Что это значит – понимать? Если ты вознамерился понять Библию, тебе надлежит постичь «восточную по своему характеру красноречивость плоти, что ведет нас к колыбели нашей расы и нашей веры»[185]. «Всякий двор, всякая школа, всякое ремесло, любая замкнутая корпорация или секта – всяк обладает собственным своим словарем»[186]. Как же пробиться через все это? Со страстью «друга, конфидента, любовника»[187], полагаясь опять же на доверие и веру – прежде всего прочего, и никак не на системы правил. То же можно утверждать даже и относительно теологии. Ему очень нравилась фраза Лютера, найденная им у Бенгеля, относительно того, что теология есть не что иное, как грамматика, предметом которой являются слова Святого Духа[188]. А чем иным может заниматься теология, кроме как изучением тех слов, что адресованы нам Духом Святым? Слов – а не идей и не истин, которые могли бы оказаться выраженными неким иным способом, при помощи иных символов, но нести при этом тот же самый смысл: потому что смысл и слово суть одно и то же, а любой перевод искажает. Некоторые фразы могут напоминать одна другую или нести похожий смысл, но ни одно предложение нельзя в прямом смысле слова заменить другим, поскольку связь слов и смыслов есть связь органическая, нерасторжимая, уникальная. Слова – живые переносчики ощущений, и только педанты и книжные черви обескровливают их анализом и убивают мертвенными формулами. Слово есть оттиск жизни – и чем оно богаче, тем лучше. Гёте и Якоби стали свидетелями магнетической силы темного стиля Хаманна – стиля, избранного вполне осознанно, притом что сам автор отчасти сожалел об этой своей темноте, отчасти использовал ее как противоядие от всех и всяческих абстракций, как единственный способ, при помощи которого можно хотя бы попытаться передать всю полноту тех нескончаемых частностей, из коих соткан мир. Он был полон решимости придать смысл непознанным глубинам, необозримым далям и пресечь всяческие потуги определять, ограничивать, загонять в рамки отточенных формул; он возносил хвалу неупорядоченности, избыточности, всему неисчерпаемому и непостижимому, удивительному, таинственному, вспышкам молний, внезапным – на долю секунды – просветлениям во тьме. Он изъяснялся загадками, но те, кто подпал под его обаяние, были буквально заворожены этим таинственным, глубоким человеком и теми необыкновенными, тревожащими душу перспективами, которые он, казалось, перед ними открывал.

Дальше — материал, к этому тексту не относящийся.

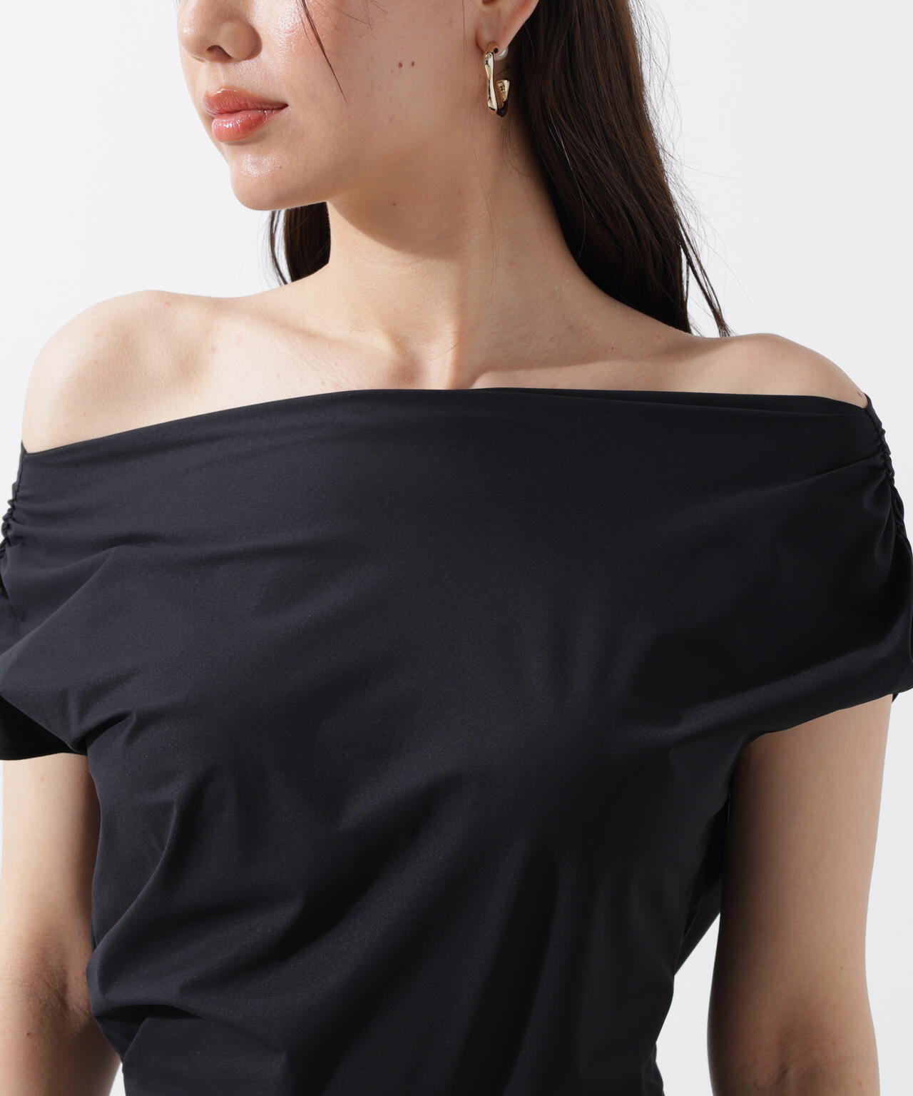 ネックまわりには程よいゆとりがあり、片側をオフショルダーにした着こなしも可能。

Еще не рождался на свет человек, который настолько осознанно противостоял бы собственному веку, с фанатическим пылом, зачастую граничившим со слепой одержимостью. «По мне, – писал он, – всякая книга – Библия»[189]. И за этой фразой для него не стояла какая бы то ни было разновидность пантеизма, ибо последний показался бы ему не более чем пустой, поверхностной ересью. Он имел в виду, что любой автор одухотворяет свою книгу, каковая становится живым его выражением, и для того, чтобы понять ее, требуется в своем роде озарение, способность почувствовать автора напрямую, ощутить его время, его желания, тот мир, в котором он жил, тот способ видеть, частью которого стало им высказанное, и прежде всего именно это и нужно, даже если ты вознамерился постичь хотя бы самый беглый отблеск, самую незначительную деталь того знания, которое Господь сообщил нам в своей книге, либо в созданной им природе, либо в истории. Перед нами тот самый контраст между, с одной стороны, чувством диалога, общения, непосредственного понимания, достижимого через то, что Гердер впоследствии назовет «вчувствованием» (Einfuhlung) в человека, в стиль или эпоху, и, с другой, рациональным, выстроенным согласно некой системе правил анализом, – контраст, который Гёте вполне мог до некоторой степени позаимствовать у Хаманна.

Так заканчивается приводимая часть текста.